Segment Start: Information given

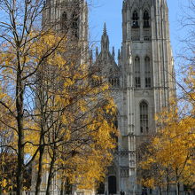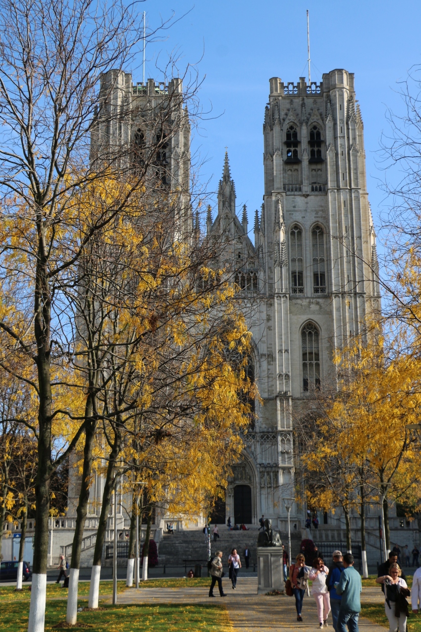 サンミッシェル大聖堂の前にある公園です。 秋でしたので黄葉が美しかったです。 ヨーロッパでは大抵は大聖堂は街の中心にあり、その前が広場になっていて賑やかですが、ブリュッセルの中心はやはりグランプラスで、そこから徒歩で5分ほど離れた大聖堂周辺は夜間はちょっと寂しい感じですので、女性の夜間の一人歩きは気を付けたほうが良さそうです。
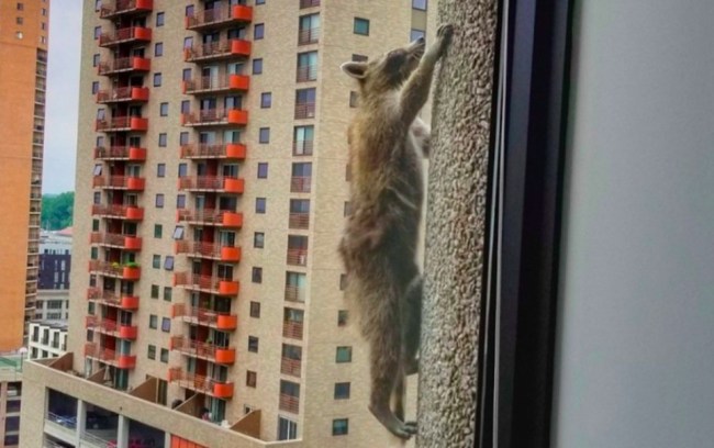 The #mprraccoon is doing a little grooming now that he's a social media star. You know, on a 23rd floor window ledge. @MPRnews pic.twitter.com/pGcwh7OJ6L
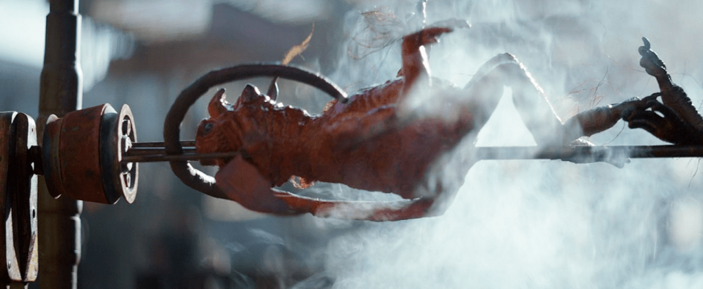 После победы над черепахой-динозавром (именно так мы называем огромного монстра в начале эпизода) Дин Джарин и Оружейник обсуждают уничтожение Мандалора Империей. В этом обсуждении они говорят о тактике Империи по уничтожению планеты посредством остекления — процесса, при котором бластерный огонь СИД-истребителей кристаллизует поверхность планеты. Эта концепция «остекления» исходит из уже неканонической преемственности Legends / Extended Universe.
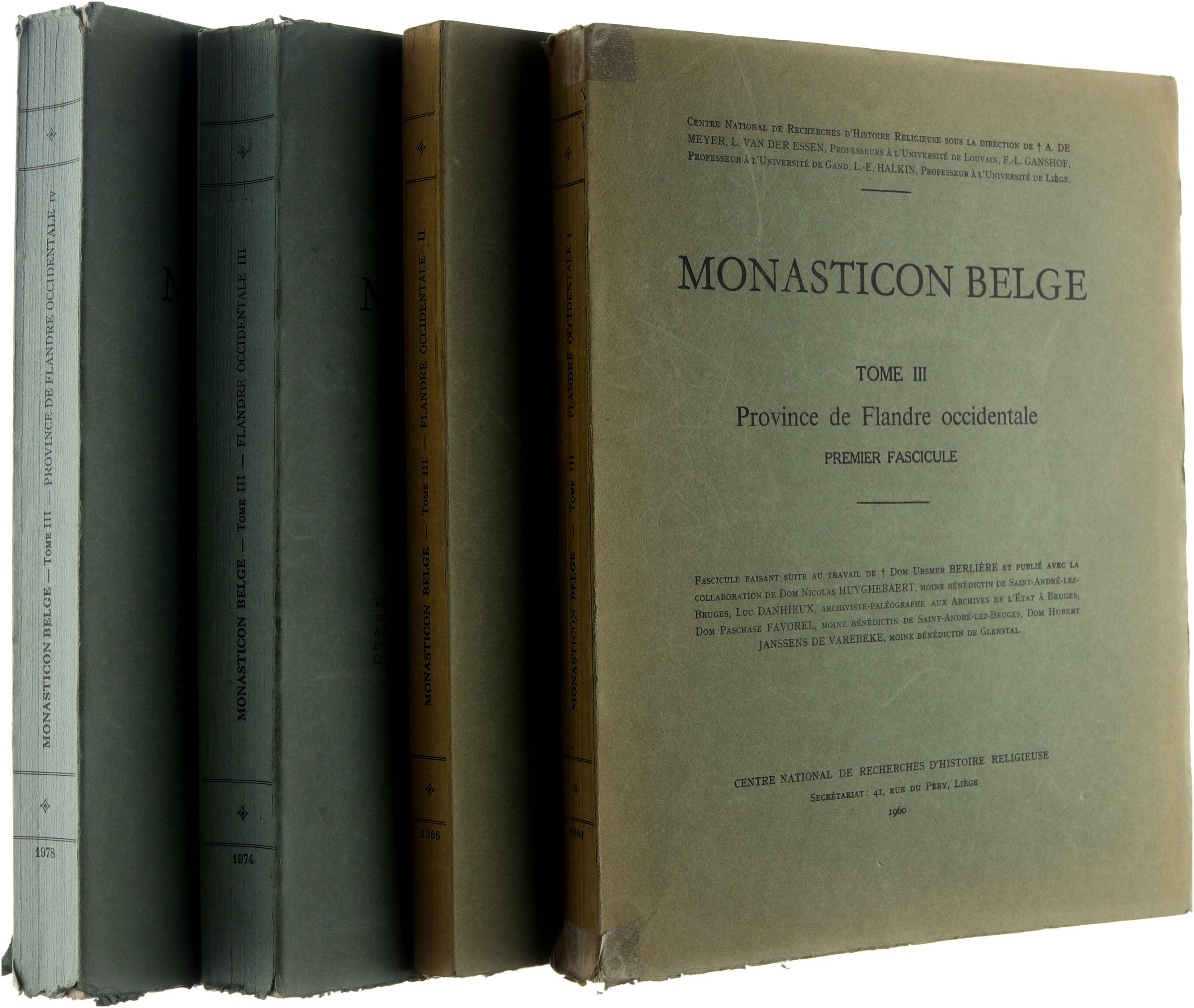 Ce troisième ensemble du Monasticon belge est consacré à la province de Flandre occidentale et se compose de quatre volumes publiés entre 1960 et 1978. L’ouvrage offre un inventaire systématique et critique des institutions religieuses régulières et séculières établies dans la province, depuis le Moyen Âge jusqu’à l’époque contemporaine. Chaque notice comprend des données historiques, topographiques et institutionnelles, appuyées sur une documentation archivistique approfondie. L’ensemble constitue une référence fondamentale pour l’histoire religieuse, monastique et régionale de la Belgique.
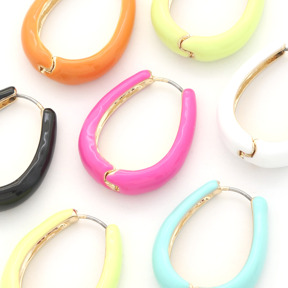 METAL ACRYLIC OVAL DROP HOOP EARRING
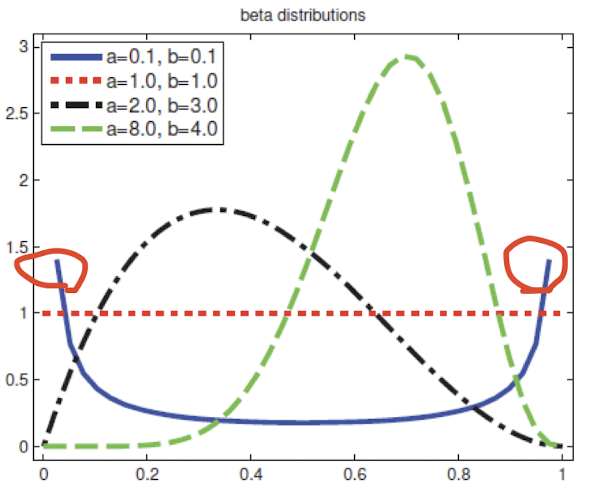 만약 $a, b <0$ 이라면 0과 1 사이에 있는 spikes 성질을 갖는 bimodal distribution이 된다.
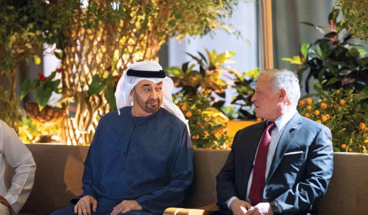 استقبل صاحب السمو الشيخ محمد بن زايد آل نهيان، رئيس الدولة، حفظه الله، أمس، أخاه جلالة الملك عبدالله الثاني بن الحسين، ملك المملكة الأردنية الهاشمية، بحضور صاحب السمو الشيخ محمد بن راشد آل مكتوم، نائب رئيس الدولة رئيس مجلس الوزراء حاكم دبي، رعاه الله، وسمو الشيخ منصور بن زايد آل نهيان، نائب رئيس الدولة نائب رئيس مجلس الوزراء رئيس ديوان الرئاسة.

Segment End: Information given

What is needed: Skip every picture, and give the rest of the material above again exactly.

Answer to the problem:
 サンミッシェル大聖堂の前にある公園です。 秋でしたので黄葉が美しかったです。 ヨーロッパでは大抵は大聖堂は街の中心にあり、その前が広場になっていて賑やかですが、ブリュッセルの中心はやはりグランプラスで、そこから徒歩で5分ほど離れた大聖堂周辺は夜間はちょっと寂しい感じですので、女性の夜間の一人歩きは気を付けたほうが良さそうです。
 The #mprraccoon is doing a little grooming now that he's a social media star. You know, on a 23rd floor window ledge. @MPRnews pic.twitter.com/pGcwh7OJ6L
 После победы над черепахой-динозавром (именно так мы называем огромного монстра в начале эпизода) Дин Джарин и Оружейник обсуждают уничтожение Мандалора Империей. В этом обсуждении они говорят о тактике Империи по уничтожению планеты посредством остекления — процесса, при котором бластерный огонь СИД-истребителей кристаллизует поверхность планеты. Эта концепция «остекления» исходит из уже неканонической преемственности Legends / Extended Universe.
 Ce troisième ensemble du Monasticon belge est consacré à la province de Flandre occidentale et se compose de quatre volumes publiés entre 1960 et 1978. L’ouvrage offre un inventaire systématique et critique des institutions religieuses régulières et séculières établies dans la province, depuis le Moyen Âge jusqu’à l’époque contemporaine. Chaque notice comprend des données historiques, topographiques et institutionnelles, appuyées sur une documentation archivistique approfondie. L’ensemble constitue une référence fondamentale pour l’histoire religieuse, monastique et régionale de la Belgique.
 METAL ACRYLIC OVAL DROP HOOP EARRING
 만약 $a, b <0$ 이라면 0과 1 사이에 있는 spikes 성질을 갖는 bimodal distribution이 된다.
 استقبل صاحب السمو الشيخ محمد بن زايد آل نهيان، رئيس الدولة، حفظه الله، أمس، أخاه جلالة الملك عبدالله الثاني بن الحسين، ملك المملكة الأردنية الهاشمية، بحضور صاحب السمو الشيخ محمد بن راشد آل مكتوم، نائب رئيس الدولة رئيس مجلس الوزراء حاكم دبي، رعاه الله، وسمو الشيخ منصور بن زايد آل نهيان، نائب رئيس الدولة نائب رئيس مجلس الوزراء رئيس ديوان الرئاسة.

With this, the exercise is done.